#### [TASK PROMPT]
Give back the full listing as written. No pictures go with it.

#### [EXERCISE DATA]
◆ ◆ ◆ ◆ ◆ ◆ ◆
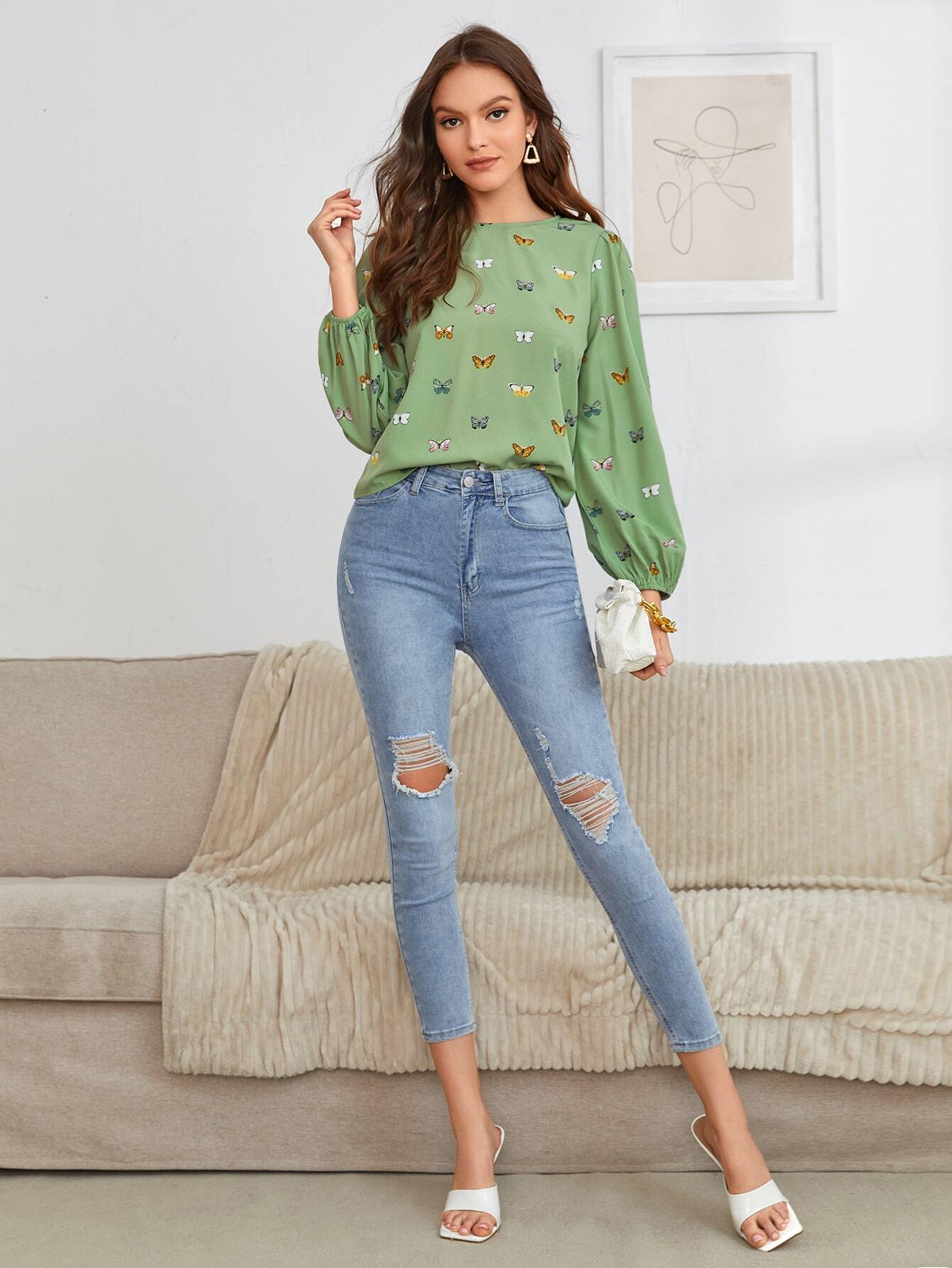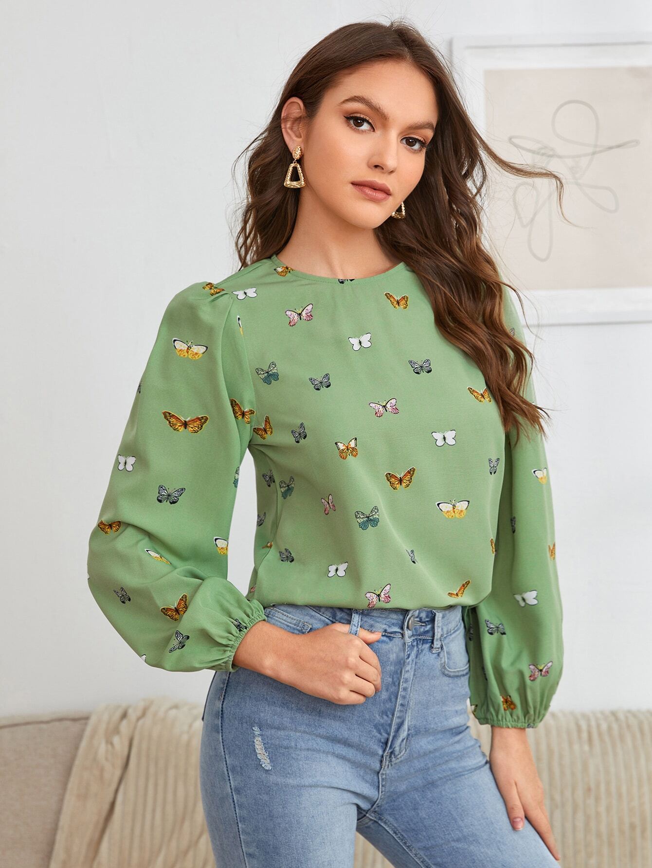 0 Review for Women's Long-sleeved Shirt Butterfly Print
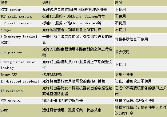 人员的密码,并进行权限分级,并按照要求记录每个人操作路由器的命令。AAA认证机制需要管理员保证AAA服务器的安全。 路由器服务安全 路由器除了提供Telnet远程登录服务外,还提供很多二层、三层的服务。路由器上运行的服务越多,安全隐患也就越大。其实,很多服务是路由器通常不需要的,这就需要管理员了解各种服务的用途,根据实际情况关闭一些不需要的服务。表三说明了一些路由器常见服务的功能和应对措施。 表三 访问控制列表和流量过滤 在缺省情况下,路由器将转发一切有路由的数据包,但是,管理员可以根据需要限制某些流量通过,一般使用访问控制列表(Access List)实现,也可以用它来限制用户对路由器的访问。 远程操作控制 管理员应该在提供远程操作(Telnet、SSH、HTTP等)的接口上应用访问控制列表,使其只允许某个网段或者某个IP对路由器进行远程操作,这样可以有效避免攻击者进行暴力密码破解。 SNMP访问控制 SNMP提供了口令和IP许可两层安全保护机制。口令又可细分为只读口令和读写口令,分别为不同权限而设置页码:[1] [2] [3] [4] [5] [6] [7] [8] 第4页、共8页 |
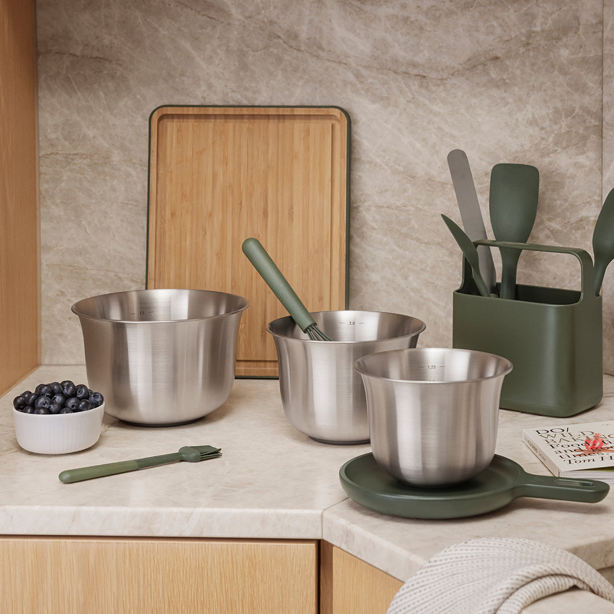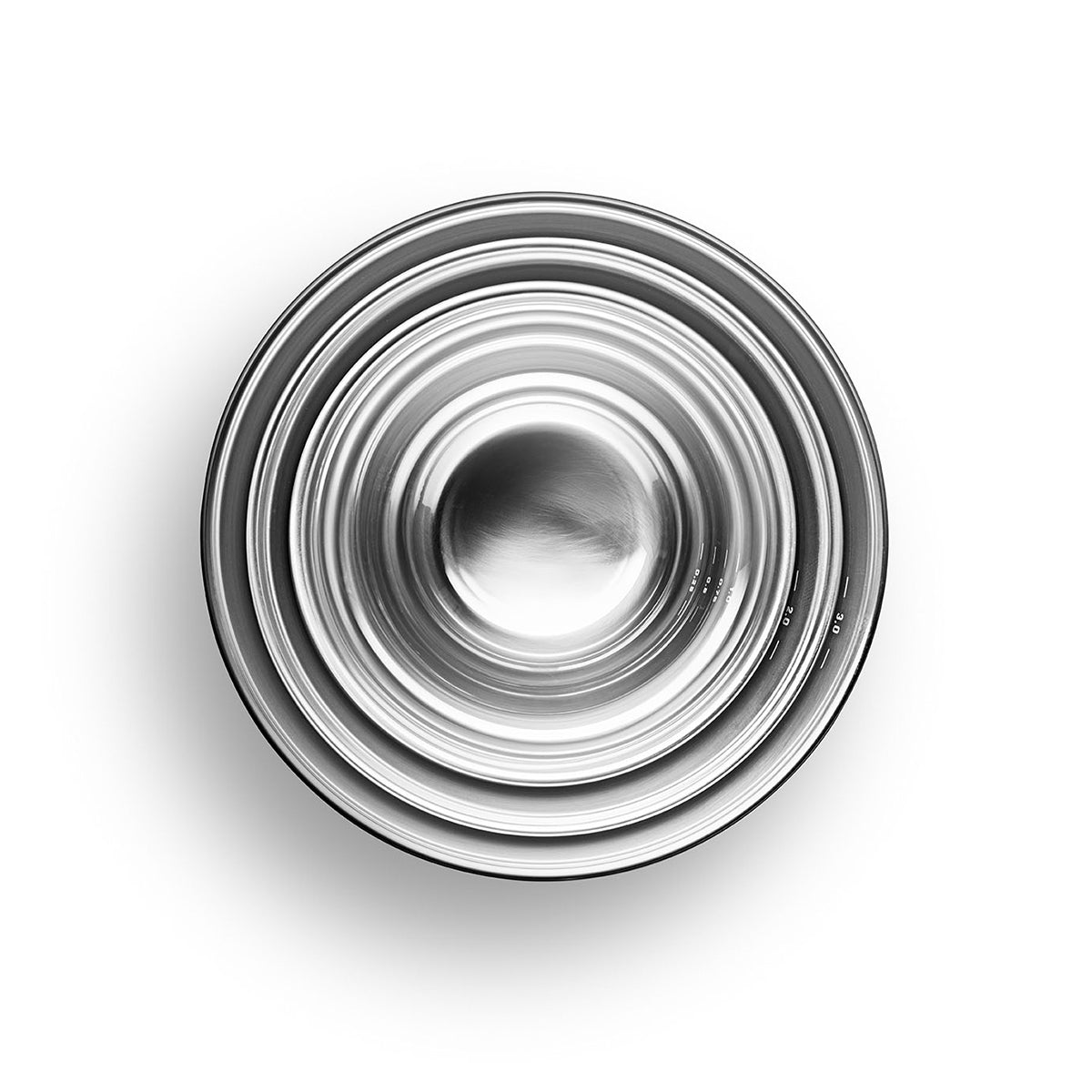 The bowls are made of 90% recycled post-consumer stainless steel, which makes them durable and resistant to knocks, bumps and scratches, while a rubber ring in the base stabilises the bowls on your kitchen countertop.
◆ ◆ ◆ ◆ ◆ ◆ ◆
#### [PROBLEM SOLUTION]
 0 Review for Women's Long-sleeved Shirt Butterfly Print
 人员的密码,并进行权限分级,并按照要求记录每个人操作路由器的命令。AAA认证机制需要管理员保证AAA服务器的安全。 路由器服务安全 路由器除了提供Telnet远程登录服务外,还提供很多二层、三层的服务。路由器上运行的服务越多,安全隐患也就越大。其实,很多服务是路由器通常不需要的,这就需要管理员了解各种服务的用途,根据实际情况关闭一些不需要的服务。表三说明了一些路由器常见服务的功能和应对措施。 表三 访问控制列表和流量过滤 在缺省情况下,路由器将转发一切有路由的数据包,但是,管理员可以根据需要限制某些流量通过,一般使用访问控制列表(Access List)实现,也可以用它来限制用户对路由器的访问。 远程操作控制 管理员应该在提供远程操作(Telnet、SSH、HTTP等)的接口上应用访问控制列表,使其只允许某个网段或者某个IP对路由器进行远程操作,这样可以有效避免攻击者进行暴力密码破解。 SNMP访问控制 SNMP提供了口令和IP许可两层安全保护机制。口令又可细分为只读口令和读写口令,分别为不同权限而设置页码:[1] [2] [3] [4] [5] [6] [7] [8] 第4页、共8页 |
 The bowls are made of 90% recycled post-consumer stainless steel, which makes them durable and resistant to knocks, bumps and scratches, while a rubber ring in the base stabilises the bowls on your kitchen countertop.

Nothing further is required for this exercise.